By Lilly Rose Barshy
I probably should have taken his anger as a sign. I mean, I get angry too. I once threw a bottle of wine at the wall, and avoided gathering up the pieces for half a day. Because I wanted some kind of proof of my ability to feel. In the first three weeks of knowing him he got angry three times. Once because he was tired, once because the line in the supermarket was too long, and once because his bus was stuck in traffic. I guess this was valid, who likes to be stranded in a traffic jam caused by deserted construction sites? But his anger came wrapped in intricately thought-out explanations.
Me. I get angry when someone pisses me off or when I get stressed. He gets angry because, according to him, that’s how men cope. He responded with anger to everything. He got hurt, he got angry. He was impatient, he got angry. His sadness turned into anger, his grief did as well. His love was anger and so was his hate. I told him once that I thought he was angry a lot. He disagreed. “I just am vocal about it. Everyone gets angry, I just show it.” I said I don’t get angry that often. “That’s because you are a woman. Women get sad.”
I got angry when he said that.
He often cancelled on me, when he was angry, saying that he would be no fun to be around. Always so selfless and always deciding for me. He never let it out on me, but in a way, he always made me feel it.
Telling me about it or texting with an undertone that I could hear through the screen. I wondered if he just wanted to be vulnerable or if he hoped I would feel his anger too. Maybe he thought he would feel less lonely then, if he wasn’t the only one being angry.
We sat on the balcony once, when the rooms inside were a mess. We’d tried cooking curry, pots and pans piled high in the sink, sauce spilled across the counter. Everything was dirty, left with the promise of later, always later. That’s how we worked: let’s clean up later, let’s talk about it later. The sun had already set, leaving behind an echo of warmth that reverberated in the air, just enough to hold us there a little longer.
“I don’t understand,” he said. I know you don’t, I didn’t say. But I thought it, so he read it off my face anyway. He got up and came back with two bottles of beer. One for him and one for me. Because if he has to cope with drugs, then so do I.
He sighed and leaned back in his chair, hitting his head on the brick wall. “Fuck!” he yelled. He shrugged forward, pushing my beer bottle off the little glass table. The pieces shattered on the floor, and I wondered if this was the third broken thing.
He didn’t move. He didn’t make a motion to pick them up, and maybe he needed the broken glass like I once needed it. But wine, I thought, was classier than beer. He probably read that in my face too, or something else he wanted that gave him an excuse to be annoyed with me. Because his eyes darted at me like it was my fault, which he probably convinced himself somehow that it was. I like to do that too. Blame others for my mistakes, but I usually wait until they’re gone or not looking.
He didn’t feel the need to do that.
I think what made him even angrier was that he always had to understand. He couldn’t just feel it; he had to explain it, even to himself.
I don’t mind crying on a random afternoon just because I feel like it. Some days I’m fine, and some I’m not. And sometimes I don’t have to understand why. He always had to understand. But now he didn’t. And that ate at him like he was six feet down, slowly decomposing, and slowly dragging me along with him.
I wonder if I’d already missed the moment to jump ship, or if it had been right then and there.

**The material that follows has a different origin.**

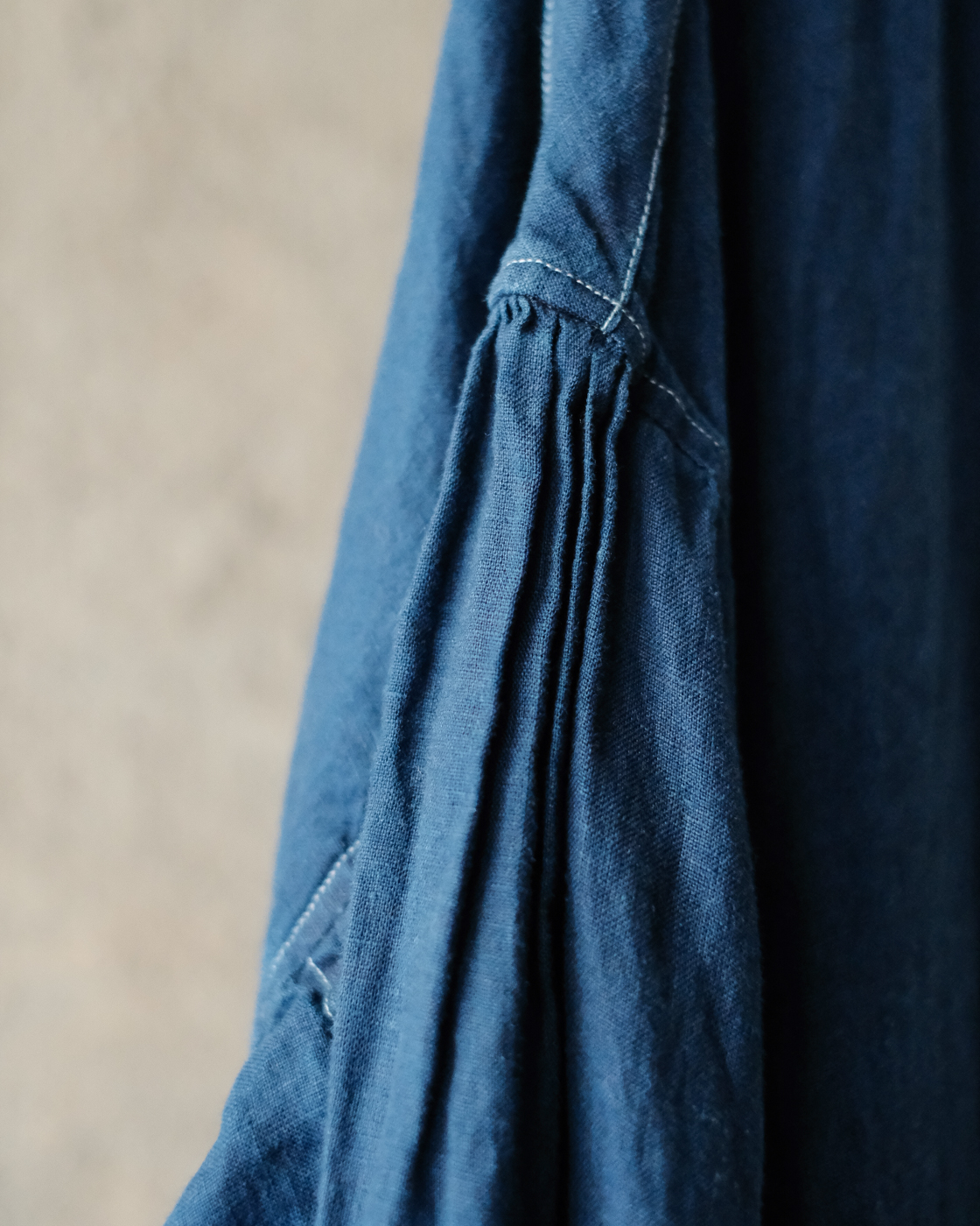 肩のパターンや脇下のガゼットに首周りに施されたギャザーなど、
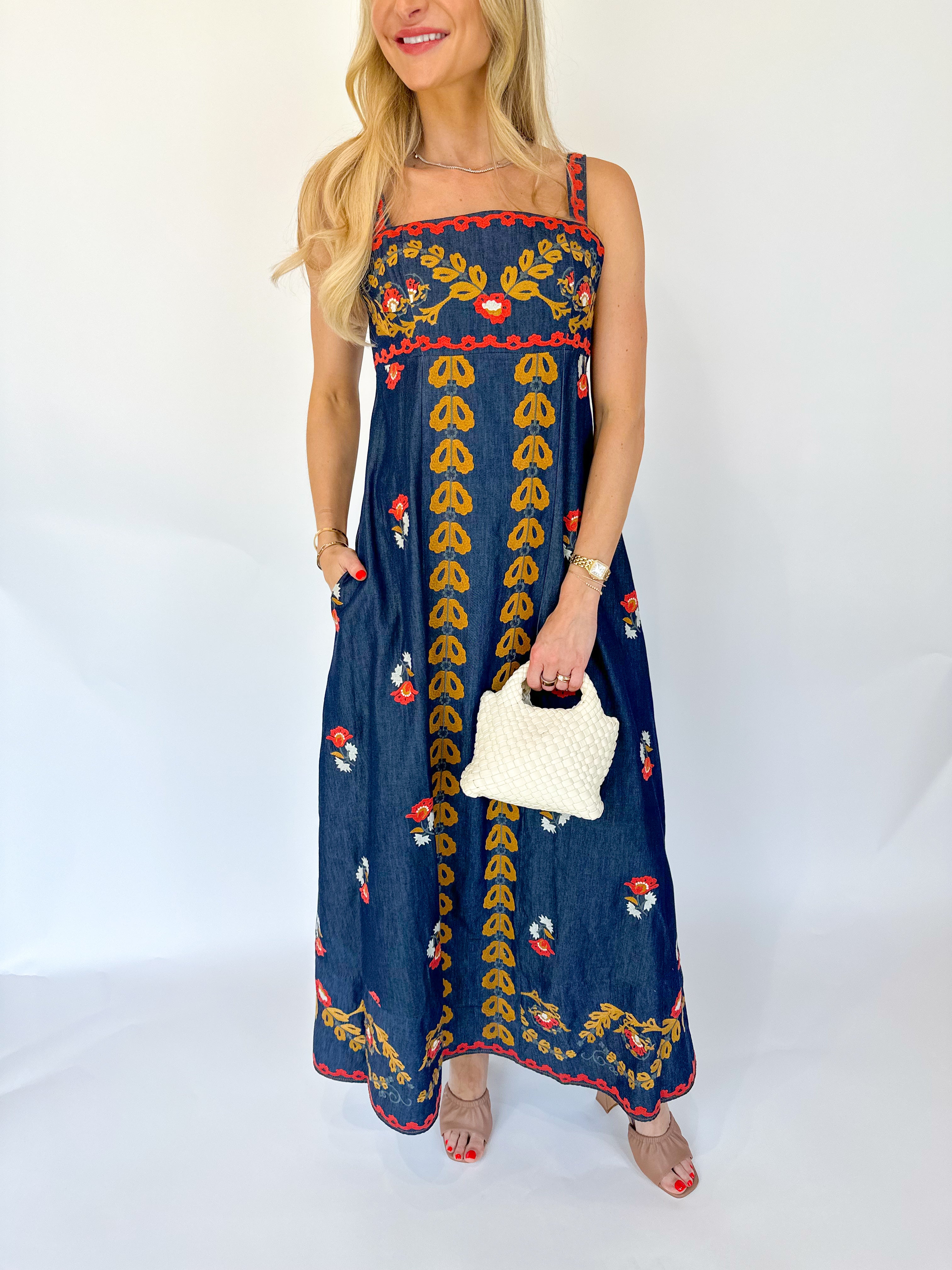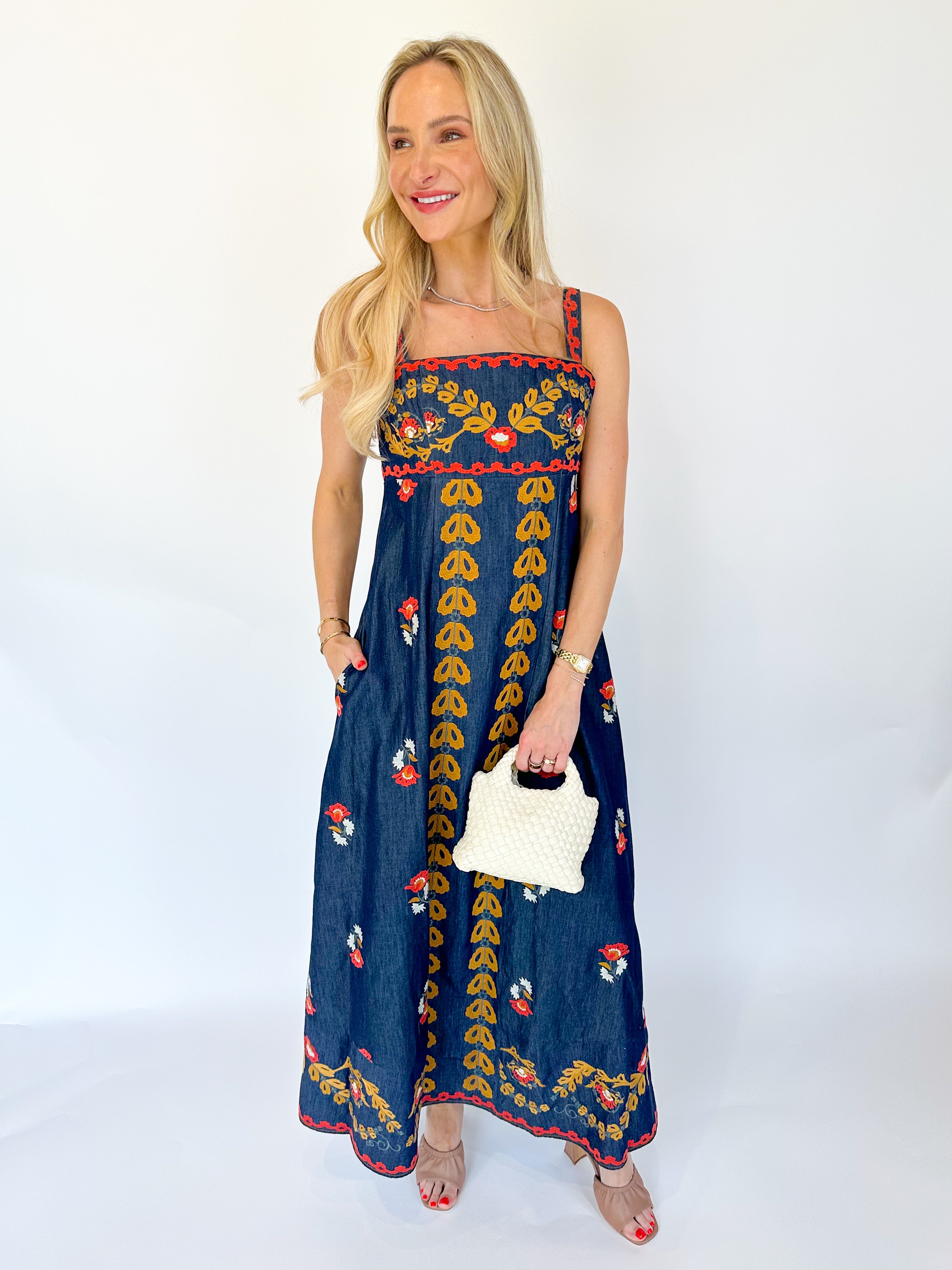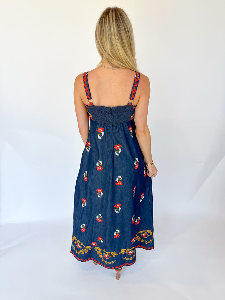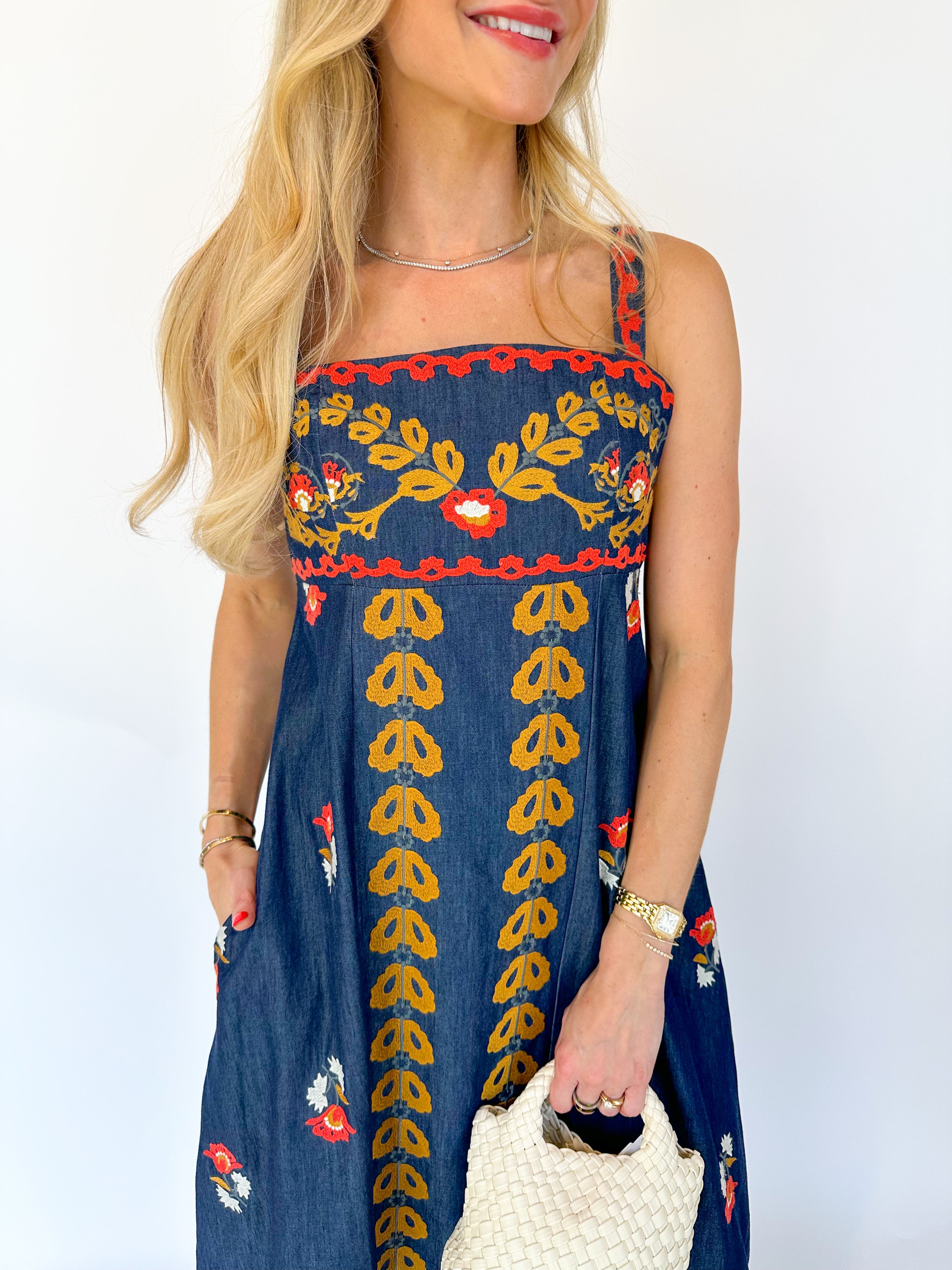 With this denim material and gorgeous embroidery detailing, the beloved Annalisa Dress is ready for the Fall season! She features a fitted empire bodice and A-line skirt, elevated with gorgeous handkerchief motif embroidery. Adjustable straps and a smocked back offer a comfortable fit for the perfect midi dress.

“Fuck!” he yelled again. “It’s okay,” I said. “It’s just glass, we can clean it up.” “No, your leg.” I looked. A lonely red line ran down my shin. A small piece of glass had ricocheted off the ground and into my skin. It didn’t hurt, and I wouldn’t have noticed that I was hurt unless he hadn’t pointed it out. I knew he didn’t meant to hurt me but he did nonetheless, and I hadn’t even noticed.
He stared at the cut. I couldn’t help but wonder–was he avoiding my eyes? “We need to clean that. Disinfect it. There might be glass in the wound.” His voice sounded clinical. I don’t know why, but I cried. Maybe I didn’t want the red line on my leg to feel so alone, or maybe I was a professional at rubbing salt in my own wound.
He looked at me, confused. “Why are you crying? Does it hurt? It’s just a small cut.“ I shook my head, unable to explain that it wasn’t about the cut at all.
Maybe it was about the mess inside, the broken bottles, the canceled plans, and all the little moments we failed to understand each other. But I couldn’t explain it to him, because I didn’t even know it myself. “I don’t understand,” he said again. “I know you don’t,” I whispered, finally saying it out loud. “And that’s the problem.”